● Task brief: Leave out the pictures and give back all the entries exactly as written.

BEGIN

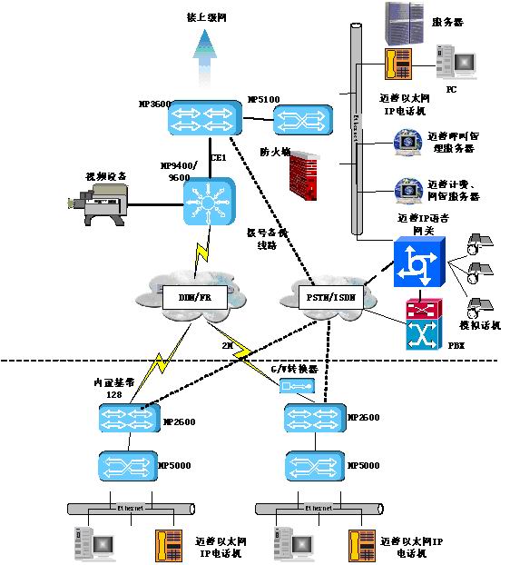目前許多公安系統(tǒng)雖然采用具有IP語(yǔ)音功能的路由設(shè)備組建網(wǎng)絡(luò),但在業(yè)務(wù)語(yǔ)音交流通常還通過PBX集團(tuán)交換機(jī)走電信PSTN/ISDN電話網(wǎng),這樣無(wú)法節(jié)省電話費(fèi)用,反而增加了辦公費(fèi)用。邁普IP語(yǔ)音解決方案采用了邁普MyPower VG2000IP語(yǔ)音網(wǎng)關(guān)和邁普以太網(wǎng)IP電話進(jìn)行改造。在整個(gè)網(wǎng)點(diǎn)語(yǔ)音終端全部設(shè)備選用經(jīng)濟(jì)型邁普以太網(wǎng)IP電話機(jī),它采用雙以太口設(shè)計(jì),使網(wǎng)絡(luò)無(wú)需重新布線,同時(shí)也可使用已有的路由器上IP語(yǔ)音模塊;邁普以太網(wǎng)IP電話機(jī)之間的話音通信通過邁普呼叫管理服務(wù)器集中控制。在主體IP網(wǎng)絡(luò)中,邁普IP語(yǔ)音網(wǎng)關(guān)放置于中心機(jī)房作為傳統(tǒng)PSTN的出口,可以通過VOS接口、E1接口(中國(guó)一號(hào)信令)、E&M接口等多種方式接入公安PBX,將PSTN線路傳來(lái)的時(shí)分話音或傳真信息進(jìn)行分組和壓縮,轉(zhuǎn)換成IP數(shù)據(jù)包,通過路由設(shè)備路由到目的地;在沒有PBX的公安機(jī)房,邁普IP語(yǔ)音網(wǎng)關(guān)可以提供32路的模擬用戶接口,可以完全替代傳統(tǒng)PBX并接入PSTN,并提供額外功能,如圖中虛線所示;整個(gè)方案還可以針對(duì)公安用戶特殊需求"定做"特色功能,例如緊急告警等方便日常辦公。
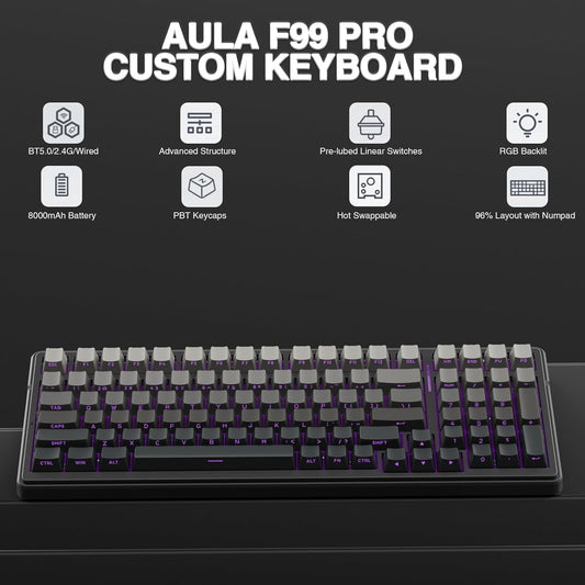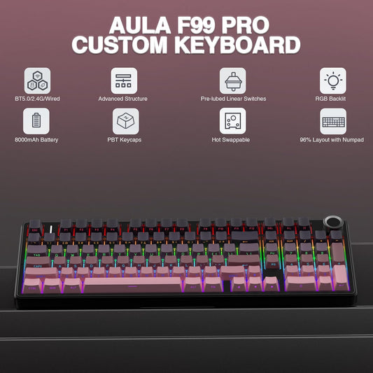 AULA F99 Pro Wireless Mechanical Keyboard,Hot Swappable Custom Keyboard,RGB Backlit,Pre-lubed Linear Switches,Side Printed PBT Keycaps,2.4GHz/USB-C/BT5.0 Mechanical Gaming Keyboards
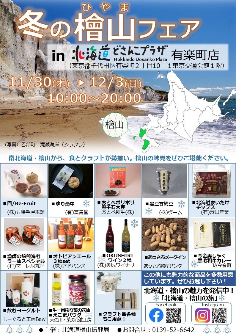 北海道檜山振興局では、管内の地域産品の認知度向上及び販路拡大を図るため、道の公式アンテナショップ「北海道どさんこプラザ有楽町店」において、冬の檜山フェアを開催します。
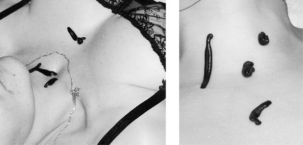 Если пиявка поела хоть наполовину – ее легко снять, погладив сухим ватным диском по мордочке. Если совсем маленькая, придется намочить диск в водке или спирте и поднести к ее носику – она тут же плюнет и примется бежать. Не надо обжигать спиртом ее мордочку – эффект и так всегда есть. Все, пиявку в отдельную банку, а на укус положить кусочек прокладки и наклеить липкий бинт. Он так и называется: «Бинт-Ли». Берите в аптеке отечественный – он в три раза дешевле импортного, но нисколько не хуже. Обычными пластырями я не пользуюсь, они травмируют кожу. Если ваш пациент мужчина и вокруг пупка волосы – прибинтуйте прокладку эластичным бинтом, только не затягивайте туго, не мешайте процессу истечения крови. Если волос нет – фиксируйте «Бинт-Ли». Через 4–6 часов проверьте место укуса – если кровь перестала течь, промойте его чистой водой и смажьте любым противоаллергическим кремом, чтобы не чесалось. Подойдут «Гистан», «Боро-плюс», «Звездочка» и другие. Если не перестала – смените прокладку и ложитесь спать. Хоть и говорят, что теоретически кровь может подтекать до двух суток, на практике я такого за 10 лет не видела ни разу. Лишь дважды кровь текла около суток, а обычно уже через 4–8 часов все прекращается. Если идет 12 часов – прекрасно. Это лучше, чем два. Значит, кровь не такая уж вязкая, ответ на слюну пиявки хороший, меньше скопится грязи около укуса и не будет чесаться, больше заменится крови – чище станет общий кровоток. Так что не пользуемся никакими медицинскими клеями и перекисями водорода – пусть процесс продолжается как можно дольше.
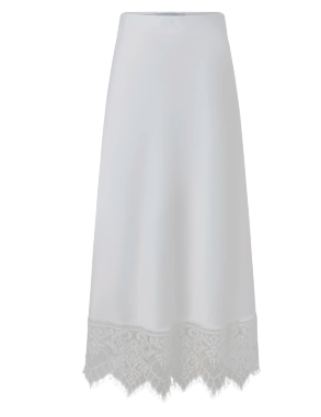Nesta composição a sensualidade está em alta através do tomara que caia vermelho, pelo modelo e cor que evidenciam o colo feminino. A saia de cetim com barrado em renda faz a diferença e traz a sofisticação combinada com a tamanca branca. Natal, Reveillon, Date, qual momento merece este look especial e cheio de informação de moda.
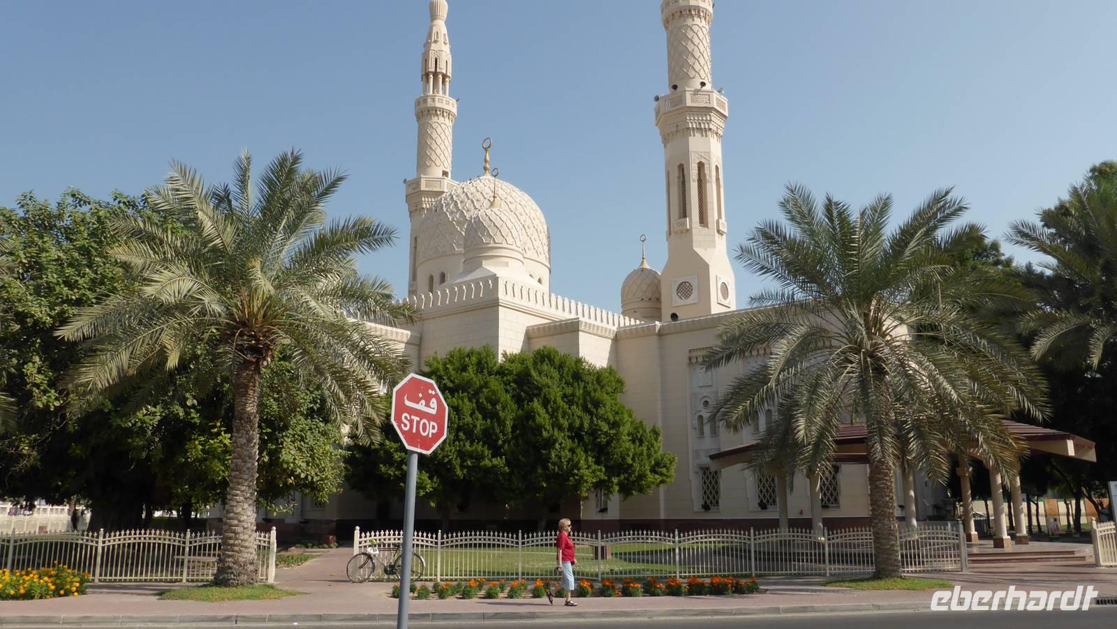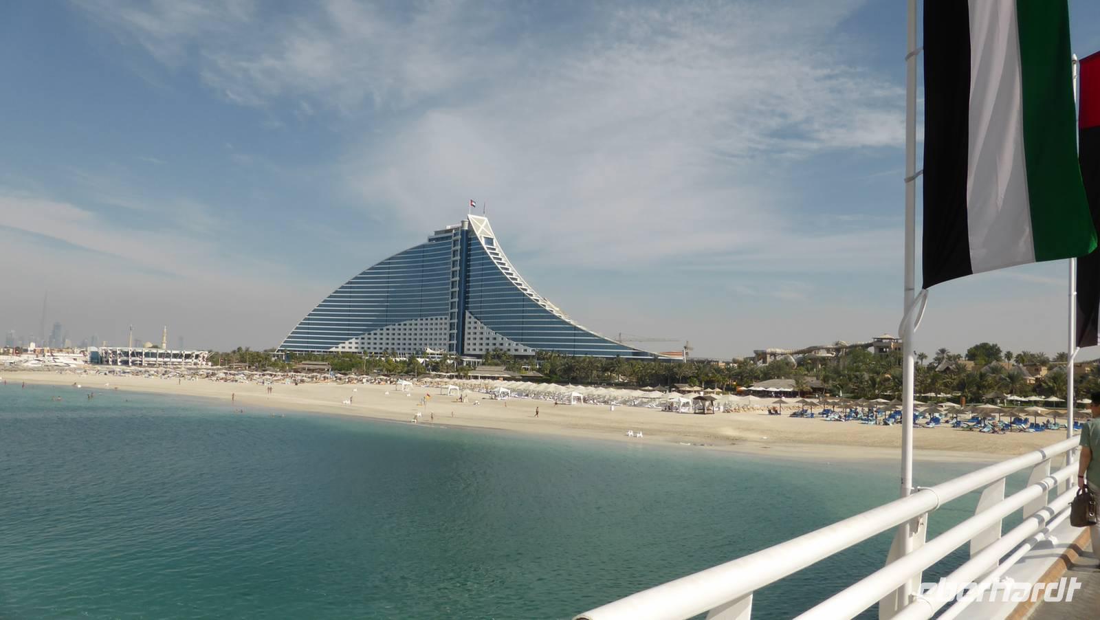 Mit Anja, unserer Begleiterin vor Ort und unserem Busfahrer Omar aus Pakistan beginnen wir unsere Stadtrundfahrt durch das moderne Dubai. Wir werfen einen Blick auf die Jumairah Moschee und das Burj Al Arab am Strand von Jumairah. Übermorgen werden wir das berühmte 7-Sterne Hotel Burj Al Arab während eines Mittagessens besichtigen können.
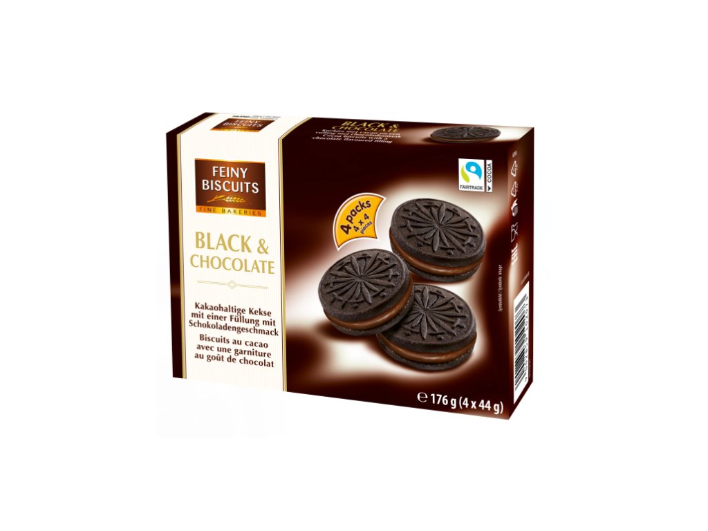 Feiny Biscuits Black & Chocolate sušenky 176 g jsou lahodné kakaové sušenky spojené jemnou čokoládovou krémovou náplní (25 %), které tvoří dokonalé sušenkové sendviče. Tyto sušenky chutnají výborně samostatně, ale také s čerstvým mlékem, šálkem čaje nebo kávy. Balení obsahuje 4 praktické porce po 4 kusech, díky čemuž se skvěle hodí do školy, práce nebo na cesty.
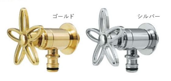 【蛇口】スミレハンドル ホース接続水栓 ゴールド&シルバー ¥8,580(税込)
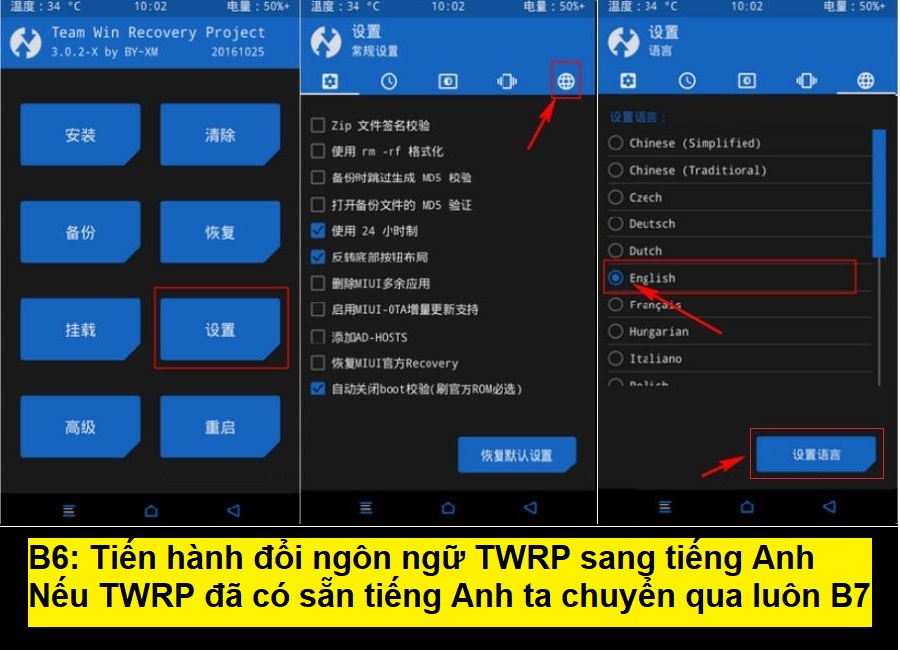 Bước 5 - 6: Đổi ngôn ngữ TWRP
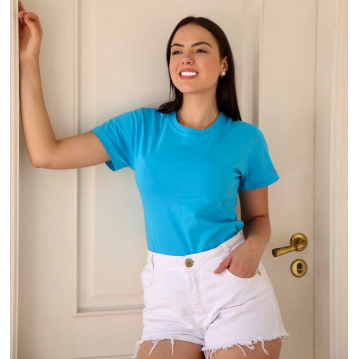 Camiseta Baby Look Básica Lisa 100% Algodão Fio penteado 30.1 Detalhes: >Tecido macio e de qualidade >Corte cinturado, manga mais curta >Gola redonda com costura dupla >Costura reforçado nos Ombros >100%Algodão Fio penteado 30.1 OBS: Corte menor que o habitual, caso fique na dúvida, selecione um tamanho maior. Não é transparente Dimensões: P: Altura: 53cm Largura: 36cm M: Altura: 60cm Largura: 40cm G: Altura: 62cm Largura: 43cm GG: Altura: 66cm Largura: 50cm XG: Altura: 67cm Largura: 52cm CORES Disponível: Amarelo Ouro, Azul Marinho, Azul Royal, Azul Turquesa, Branco, Preto, Rosa Pink, Vermelho consulte-nos para mais Informações. Enviamos para todo o brasil
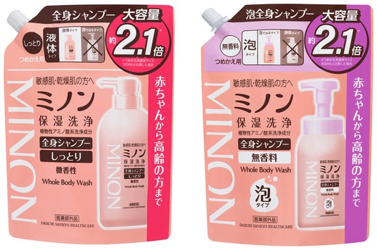 第一三共ヘルスケア株式会社(本社:東京都中央区、社長:内田高広、以下「当社」)は、敏感肌向けブランド「ミノン」から、赤ちゃんから高齢の方までお使いいただける全身洗浄料「ミノン全身シャンプーしっとりタイプ」「ミノン全身シャンプー泡タイプ」(いずれも医薬部外品)のつめかえ用大容量を本年4月14日(月)に追加発売します。
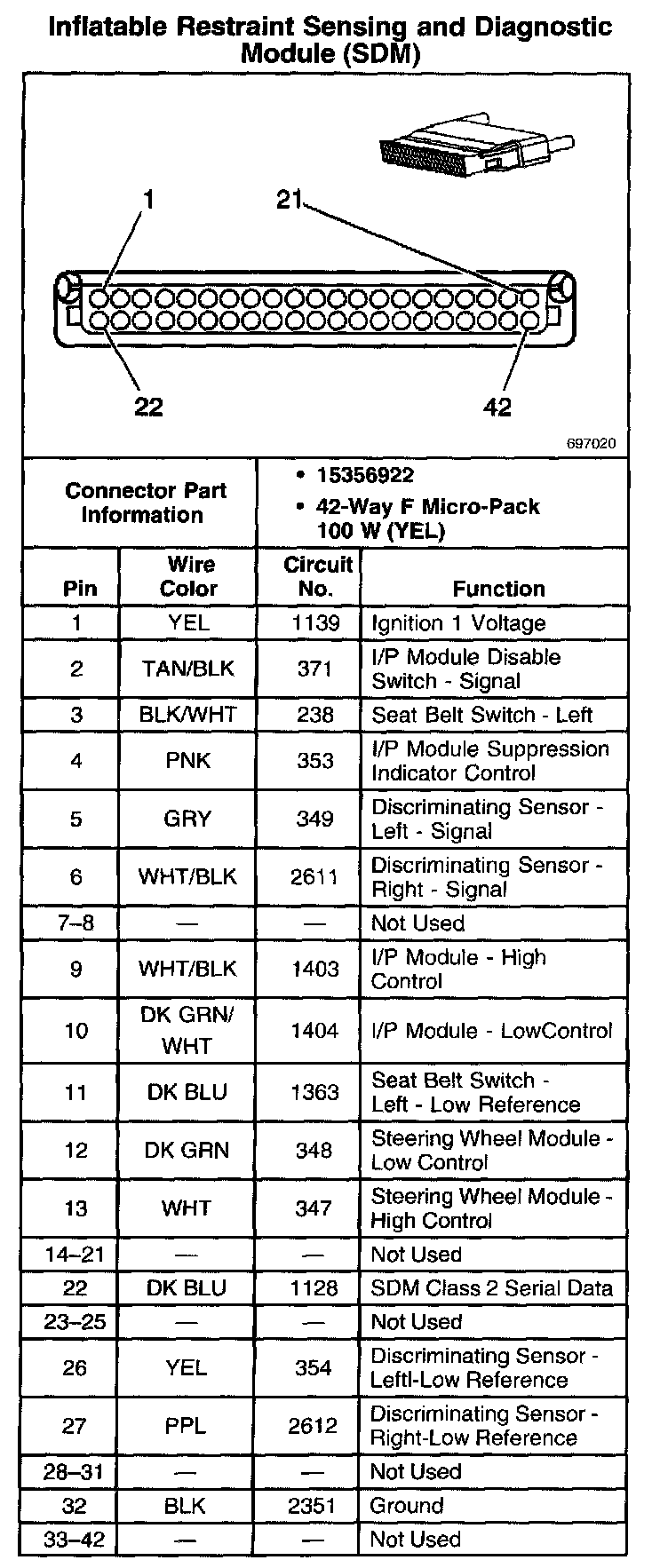 Inflatable Restraint Sensing And Diagnostic Module (SDM):

END

● Output below:
目前許多公安系統(tǒng)雖然采用具有IP語(yǔ)音功能的路由設(shè)備組建網(wǎng)絡(luò),但在業(yè)務(wù)語(yǔ)音交流通常還通過PBX集團(tuán)交換機(jī)走電信PSTN/ISDN電話網(wǎng),這樣無(wú)法節(jié)省電話費(fèi)用,反而增加了辦公費(fèi)用。邁普IP語(yǔ)音解決方案采用了邁普MyPower VG2000IP語(yǔ)音網(wǎng)關(guān)和邁普以太網(wǎng)IP電話進(jìn)行改造。在整個(gè)網(wǎng)點(diǎn)語(yǔ)音終端全部設(shè)備選用經(jīng)濟(jì)型邁普以太網(wǎng)IP電話機(jī),它采用雙以太口設(shè)計(jì),使網(wǎng)絡(luò)無(wú)需重新布線,同時(shí)也可使用已有的路由器上IP語(yǔ)音模塊;邁普以太網(wǎng)IP電話機(jī)之間的話音通信通過邁普呼叫管理服務(wù)器集中控制。在主體IP網(wǎng)絡(luò)中,邁普IP語(yǔ)音網(wǎng)關(guān)放置于中心機(jī)房作為傳統(tǒng)PSTN的出口,可以通過VOS接口、E1接口(中國(guó)一號(hào)信令)、E&M接口等多種方式接入公安PBX,將PSTN線路傳來(lái)的時(shí)分話音或傳真信息進(jìn)行分組和壓縮,轉(zhuǎn)換成IP數(shù)據(jù)包,通過路由設(shè)備路由到目的地;在沒有PBX的公安機(jī)房,邁普IP語(yǔ)音網(wǎng)關(guān)可以提供32路的模擬用戶接口,可以完全替代傳統(tǒng)PBX并接入PSTN,并提供額外功能,如圖中虛線所示;整個(gè)方案還可以針對(duì)公安用戶特殊需求"定做"特色功能,例如緊急告警等方便日常辦公。
 AULA F99 Pro Wireless Mechanical Keyboard,Hot Swappable Custom Keyboard,RGB Backlit,Pre-lubed Linear Switches,Side Printed PBT Keycaps,2.4GHz/USB-C/BT5.0 Mechanical Gaming Keyboards
 北海道檜山振興局では、管内の地域産品の認知度向上及び販路拡大を図るため、道の公式アンテナショップ「北海道どさんこプラザ有楽町店」において、冬の檜山フェアを開催します。
 Если пиявка поела хоть наполовину – ее легко снять, погладив сухим ватным диском по мордочке. Если совсем маленькая, придется намочить диск в водке или спирте и поднести к ее носику – она тут же плюнет и примется бежать. Не надо обжигать спиртом ее мордочку – эффект и так всегда есть. Все, пиявку в отдельную банку, а на укус положить кусочек прокладки и наклеить липкий бинт. Он так и называется: «Бинт-Ли». Берите в аптеке отечественный – он в три раза дешевле импортного, но нисколько не хуже. Обычными пластырями я не пользуюсь, они травмируют кожу. Если ваш пациент мужчина и вокруг пупка волосы – прибинтуйте прокладку эластичным бинтом, только не затягивайте туго, не мешайте процессу истечения крови. Если волос нет – фиксируйте «Бинт-Ли». Через 4–6 часов проверьте место укуса – если кровь перестала течь, промойте его чистой водой и смажьте любым противоаллергическим кремом, чтобы не чесалось. Подойдут «Гистан», «Боро-плюс», «Звездочка» и другие. Если не перестала – смените прокладку и ложитесь спать. Хоть и говорят, что теоретически кровь может подтекать до двух суток, на практике я такого за 10 лет не видела ни разу. Лишь дважды кровь текла около суток, а обычно уже через 4–8 часов все прекращается. Если идет 12 часов – прекрасно. Это лучше, чем два. Значит, кровь не такая уж вязкая, ответ на слюну пиявки хороший, меньше скопится грязи около укуса и не будет чесаться, больше заменится крови – чище станет общий кровоток. Так что не пользуемся никакими медицинскими клеями и перекисями водорода – пусть процесс продолжается как можно дольше.
Nesta composição a sensualidade está em alta através do tomara que caia vermelho, pelo modelo e cor que evidenciam o colo feminino. A saia de cetim com barrado em renda faz a diferença e traz a sofisticação combinada com a tamanca branca. Natal, Reveillon, Date, qual momento merece este look especial e cheio de informação de moda.
 Mit Anja, unserer Begleiterin vor Ort und unserem Busfahrer Omar aus Pakistan beginnen wir unsere Stadtrundfahrt durch das moderne Dubai. Wir werfen einen Blick auf die Jumairah Moschee und das Burj Al Arab am Strand von Jumairah. Übermorgen werden wir das berühmte 7-Sterne Hotel Burj Al Arab während eines Mittagessens besichtigen können.
 Feiny Biscuits Black & Chocolate sušenky 176 g jsou lahodné kakaové sušenky spojené jemnou čokoládovou krémovou náplní (25 %), které tvoří dokonalé sušenkové sendviče. Tyto sušenky chutnají výborně samostatně, ale také s čerstvým mlékem, šálkem čaje nebo kávy. Balení obsahuje 4 praktické porce po 4 kusech, díky čemuž se skvěle hodí do školy, práce nebo na cesty.
 【蛇口】スミレハンドル ホース接続水栓 ゴールド&シルバー ¥8,580(税込)
 Bước 5 - 6: Đổi ngôn ngữ TWRP
 Camiseta Baby Look Básica Lisa 100% Algodão Fio penteado 30.1 Detalhes: >Tecido macio e de qualidade >Corte cinturado, manga mais curta >Gola redonda com costura dupla >Costura reforçado nos Ombros >100%Algodão Fio penteado 30.1 OBS: Corte menor que o habitual, caso fique na dúvida, selecione um tamanho maior. Não é transparente Dimensões: P: Altura: 53cm Largura: 36cm M: Altura: 60cm Largura: 40cm G: Altura: 62cm Largura: 43cm GG: Altura: 66cm Largura: 50cm XG: Altura: 67cm Largura: 52cm CORES Disponível: Amarelo Ouro, Azul Marinho, Azul Royal, Azul Turquesa, Branco, Preto, Rosa Pink, Vermelho consulte-nos para mais Informações. Enviamos para todo o brasil
 第一三共ヘルスケア株式会社(本社:東京都中央区、社長:内田高広、以下「当社」)は、敏感肌向けブランド「ミノン」から、赤ちゃんから高齢の方までお使いいただける全身洗浄料「ミノン全身シャンプーしっとりタイプ」「ミノン全身シャンプー泡タイプ」(いずれも医薬部外品)のつめかえ用大容量を本年4月14日(月)に追加発売します。
 Inflatable Restraint Sensing And Diagnostic Module (SDM):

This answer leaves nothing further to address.